▶ Work request
The required output is a verbatim transcription of the listing, pictures excluded.

▶ Extracted records

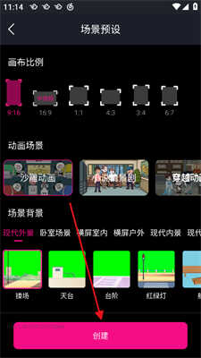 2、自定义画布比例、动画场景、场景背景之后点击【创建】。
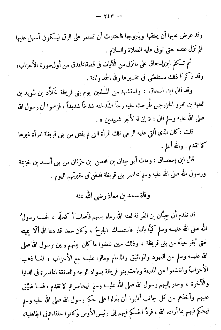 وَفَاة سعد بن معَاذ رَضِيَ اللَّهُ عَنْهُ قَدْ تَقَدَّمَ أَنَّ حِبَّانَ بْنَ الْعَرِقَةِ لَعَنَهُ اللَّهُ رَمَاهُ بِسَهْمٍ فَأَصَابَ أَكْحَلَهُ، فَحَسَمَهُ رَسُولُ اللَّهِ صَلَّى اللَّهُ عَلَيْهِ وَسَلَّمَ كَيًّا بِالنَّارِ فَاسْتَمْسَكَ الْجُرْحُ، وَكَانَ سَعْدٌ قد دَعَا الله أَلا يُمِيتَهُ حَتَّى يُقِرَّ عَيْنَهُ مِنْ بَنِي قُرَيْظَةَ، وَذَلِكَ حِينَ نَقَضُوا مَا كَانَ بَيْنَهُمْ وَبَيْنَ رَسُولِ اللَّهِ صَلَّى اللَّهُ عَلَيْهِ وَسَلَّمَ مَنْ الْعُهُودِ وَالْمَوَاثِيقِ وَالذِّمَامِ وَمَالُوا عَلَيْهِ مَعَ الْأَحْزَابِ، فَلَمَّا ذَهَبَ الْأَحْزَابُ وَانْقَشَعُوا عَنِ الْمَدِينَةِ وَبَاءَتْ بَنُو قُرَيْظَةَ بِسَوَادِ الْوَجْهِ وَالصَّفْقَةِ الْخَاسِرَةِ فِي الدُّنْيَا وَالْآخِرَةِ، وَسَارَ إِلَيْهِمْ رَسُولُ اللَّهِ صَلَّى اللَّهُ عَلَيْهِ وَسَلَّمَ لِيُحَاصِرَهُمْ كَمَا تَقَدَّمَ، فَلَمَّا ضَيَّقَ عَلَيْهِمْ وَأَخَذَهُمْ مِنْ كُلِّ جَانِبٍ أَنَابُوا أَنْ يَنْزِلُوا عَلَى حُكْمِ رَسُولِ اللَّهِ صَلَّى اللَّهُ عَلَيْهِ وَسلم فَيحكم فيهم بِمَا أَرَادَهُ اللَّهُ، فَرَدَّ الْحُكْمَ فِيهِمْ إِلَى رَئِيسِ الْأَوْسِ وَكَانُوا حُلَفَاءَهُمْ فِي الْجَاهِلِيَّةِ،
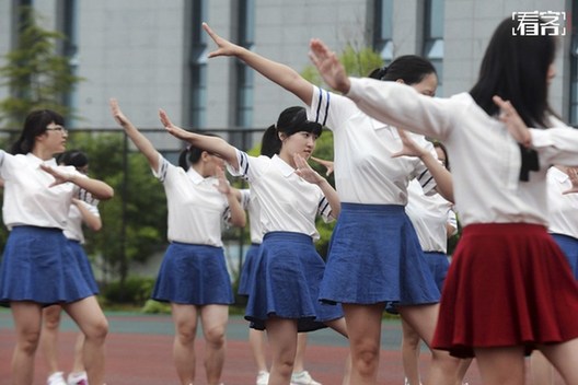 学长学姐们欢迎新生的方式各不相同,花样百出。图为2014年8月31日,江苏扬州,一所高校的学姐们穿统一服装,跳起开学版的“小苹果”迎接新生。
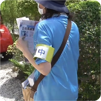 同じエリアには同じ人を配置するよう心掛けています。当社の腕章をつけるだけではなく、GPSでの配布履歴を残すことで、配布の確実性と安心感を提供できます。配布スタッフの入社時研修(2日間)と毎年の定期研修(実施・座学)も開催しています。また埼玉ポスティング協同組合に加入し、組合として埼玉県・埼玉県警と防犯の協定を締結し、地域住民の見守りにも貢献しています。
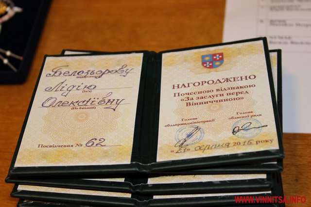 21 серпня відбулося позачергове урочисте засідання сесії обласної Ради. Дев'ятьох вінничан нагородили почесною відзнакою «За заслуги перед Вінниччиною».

▶ Solution to the exercise
 2、自定义画布比例、动画场景、场景背景之后点击【创建】。
 وَفَاة سعد بن معَاذ رَضِيَ اللَّهُ عَنْهُ قَدْ تَقَدَّمَ أَنَّ حِبَّانَ بْنَ الْعَرِقَةِ لَعَنَهُ اللَّهُ رَمَاهُ بِسَهْمٍ فَأَصَابَ أَكْحَلَهُ، فَحَسَمَهُ رَسُولُ اللَّهِ صَلَّى اللَّهُ عَلَيْهِ وَسَلَّمَ كَيًّا بِالنَّارِ فَاسْتَمْسَكَ الْجُرْحُ، وَكَانَ سَعْدٌ قد دَعَا الله أَلا يُمِيتَهُ حَتَّى يُقِرَّ عَيْنَهُ مِنْ بَنِي قُرَيْظَةَ، وَذَلِكَ حِينَ نَقَضُوا مَا كَانَ بَيْنَهُمْ وَبَيْنَ رَسُولِ اللَّهِ صَلَّى اللَّهُ عَلَيْهِ وَسَلَّمَ مَنْ الْعُهُودِ وَالْمَوَاثِيقِ وَالذِّمَامِ وَمَالُوا عَلَيْهِ مَعَ الْأَحْزَابِ، فَلَمَّا ذَهَبَ الْأَحْزَابُ وَانْقَشَعُوا عَنِ الْمَدِينَةِ وَبَاءَتْ بَنُو قُرَيْظَةَ بِسَوَادِ الْوَجْهِ وَالصَّفْقَةِ الْخَاسِرَةِ فِي الدُّنْيَا وَالْآخِرَةِ، وَسَارَ إِلَيْهِمْ رَسُولُ اللَّهِ صَلَّى اللَّهُ عَلَيْهِ وَسَلَّمَ لِيُحَاصِرَهُمْ كَمَا تَقَدَّمَ، فَلَمَّا ضَيَّقَ عَلَيْهِمْ وَأَخَذَهُمْ مِنْ كُلِّ جَانِبٍ أَنَابُوا أَنْ يَنْزِلُوا عَلَى حُكْمِ رَسُولِ اللَّهِ صَلَّى اللَّهُ عَلَيْهِ وَسلم فَيحكم فيهم بِمَا أَرَادَهُ اللَّهُ، فَرَدَّ الْحُكْمَ فِيهِمْ إِلَى رَئِيسِ الْأَوْسِ وَكَانُوا حُلَفَاءَهُمْ فِي الْجَاهِلِيَّةِ،
 学长学姐们欢迎新生的方式各不相同,花样百出。图为2014年8月31日,江苏扬州,一所高校的学姐们穿统一服装,跳起开学版的“小苹果”迎接新生。
 同じエリアには同じ人を配置するよう心掛けています。当社の腕章をつけるだけではなく、GPSでの配布履歴を残すことで、配布の確実性と安心感を提供できます。配布スタッフの入社時研修(2日間)と毎年の定期研修(実施・座学)も開催しています。また埼玉ポスティング協同組合に加入し、組合として埼玉県・埼玉県警と防犯の協定を締結し、地域住民の見守りにも貢献しています。
 21 серпня відбулося позачергове урочисте засідання сесії обласної Ради. Дев'ятьох вінничан нагородили почесною відзнакою «За заслуги перед Вінниччиною».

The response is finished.